Fourth, the United States continues to maintain a dominant presence in global multinational corporations (MNCs). A significant portion of exports from Asian economies originates from U.S.-based multinationals operating in those countries, meaning that American companies — and their shareholders — ultimately benefit through profits and dividends. No other country in the world earns as much from dividends and royalty payments as the United States, reinforcing its economic leverage.
Fifth, the anti-immigration rhetoric sweeping the U.S. poses a long-term threat to its own economy. Can the U.S. sustain its innovation ecosystem without immigrant labor? A significant portion of its travel, hospitality, and other non-tradable sectors is heavily dependent on semi-skilled immigrant workers. Restricting immigration could weaken these industries, disrupt economic stability, and stifle the very innovation that has fueled America’s global leadership.
Rather than blaming the rest of the world for its own economic challenges, the U.S. president would be better served by examining the impact of growing monopoly power on the country’s productivity and innovation.
A bipartisan congressional report on digital markets has already highlighted the lack of competition in the sector, a concern that both parties agree upon.
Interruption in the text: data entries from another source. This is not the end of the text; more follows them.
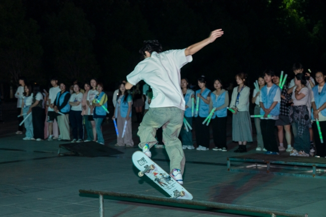 5月22日,社团之夜绚烂多彩,宫商徵羽汉服社的中国舞与精武社的武术表演,演绎清幽恬淡意境,尽展东方美学风范,诠释了beat365学子对传统文化的热爱与传承;棱角轮滑协会的轮滑动作表演和PP滑板社的滑板动作表演,滑行、跳跃、旋转、急刹,他们用轮滑勾勒出绚烂的轨迹,用速度与激情点燃现场观众的热情,在热爱中绽放光芒,在竞技中体验运动的乐趣。
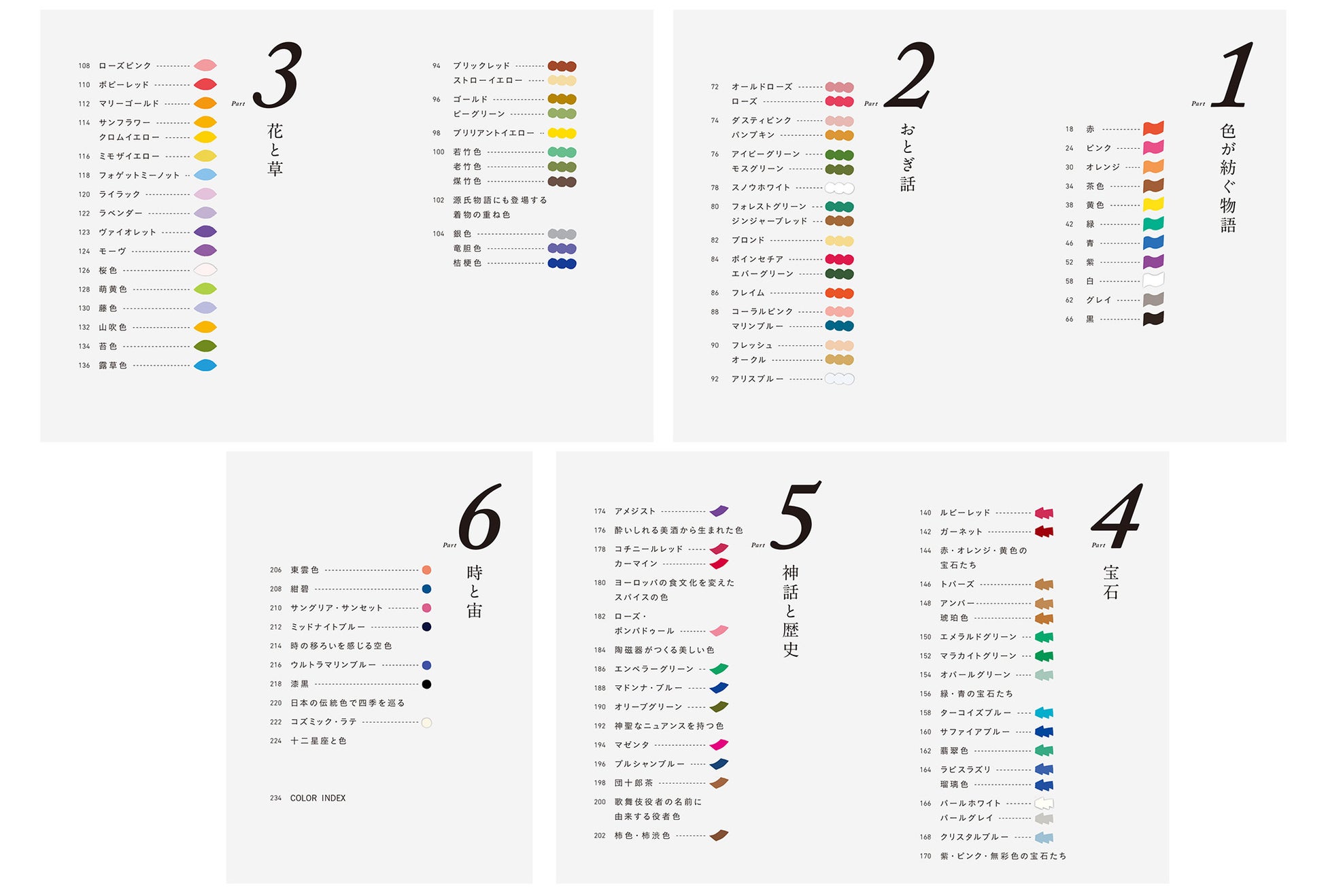 誰もが知る「赤」「青」「緑」から、ロマンチックな名前を持つ色まで、普段何気なく見ている色には、その色名の由来、成り立ち、そして人々の感情が込められた物語が秘められています。本書は、そんな心惹かれる150色の物語を収録した、小さな知識と物語の本です。「勿忘草の色」の悲しい恋物語、騎士の守り色だった「ガーネット」、美女と野獣に登場した薔薇の「ピンク」……など、おとぎ話、花と草、宝石、神話などにまつわる、読むほどに色の世界にときめく物語を収録しています。美しい色の名前と、それにまつわる短編ストーリーを掲載しており、コーヒーや紅茶を飲みながら楽しむ、週末のご褒美読書にぴったりの一冊です。
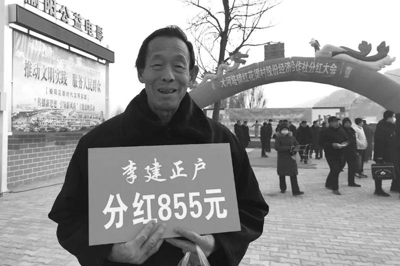 “我入(股)了7亩地,今天分到了850多元,非常高兴。”大河塔镇红花渠村村民李建正说。
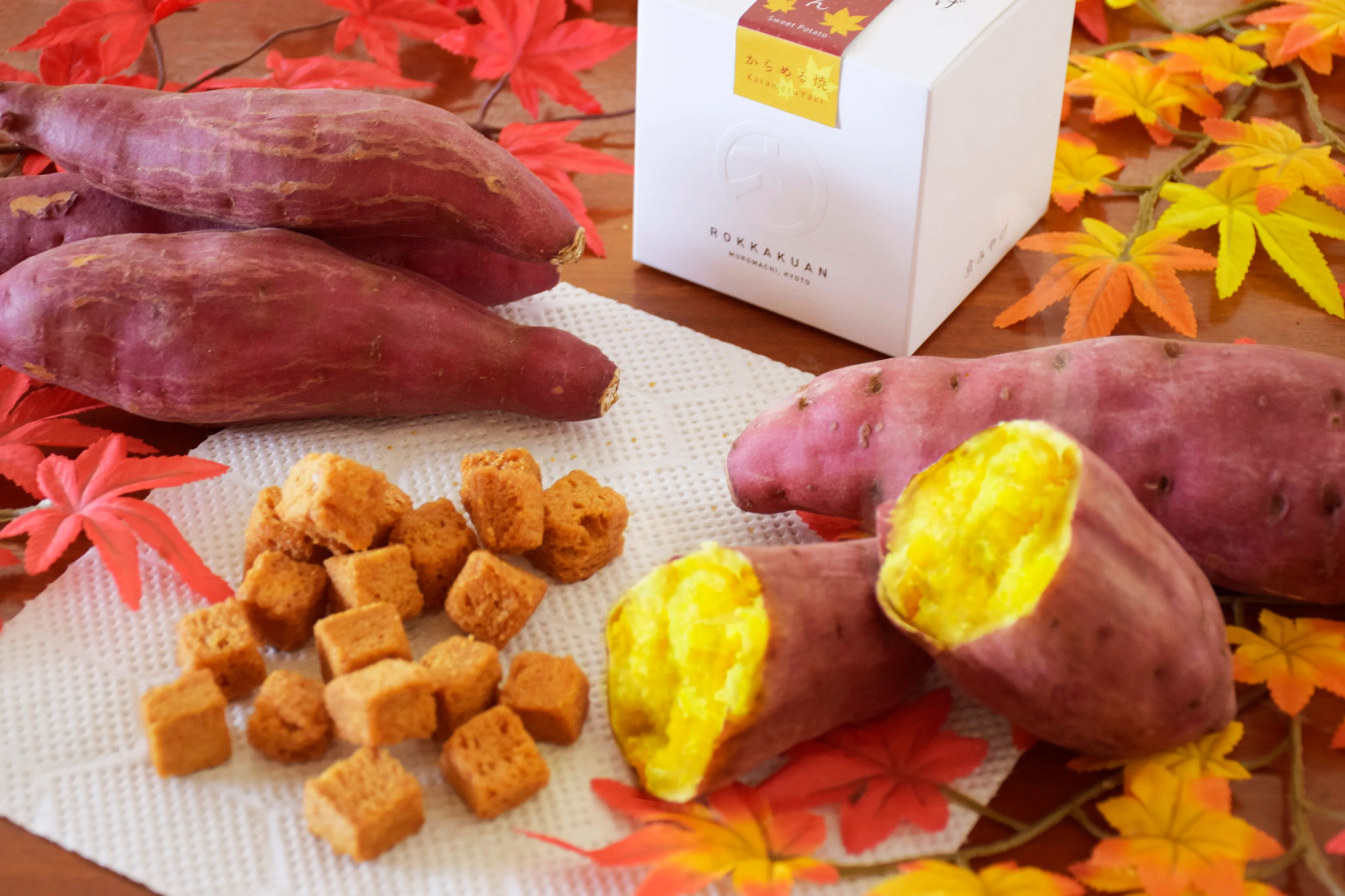 からめる焼「おいもはん」は、さつまいもを楽しんでいただくために素材を贅沢に使用し、お口の中にお芋の甘みが広がる風味に仕上げました。からめる焼の独特の食感とやさしい口溶けで、お子様からお年寄りまで親しみやすいお味となっています。また、ネーミングでは、京都らしさ溢れる上方言葉を利用し、多くの人に愛されるようにと、芋に京都らしい人称を取り入れました。限定パッケージは、お芋と紅葉のイラストの入ったポップな帯デザイン。お土産にもご自宅用にもぴったりの秋らしいオリジナルスイーツです。

If the United States fails to address this issue, the current dominance of the “Magnificent 7” — Microsoft, Apple, Nvidia, Amazon, Meta, Alphabet, and Tesla — could ultimately become a burden rather than an asset.
READ: Trump threatens to impose tariffs on countries that may ‘harm’ America, includes India (January 28, 2025)
History rarely sees a global leader resorting to protectionism. Instead of engaging in counterproductive economic isolation, the United States must rise to the challenge of competing with economies that operate under non-market systems.
Meeting this challenge will require greater creative state intervention and a more open approach to immigrant labor. Without innovation-driven policies and a steady influx of skilled workers, the U.S. risks losing its competitive edge on the global stage.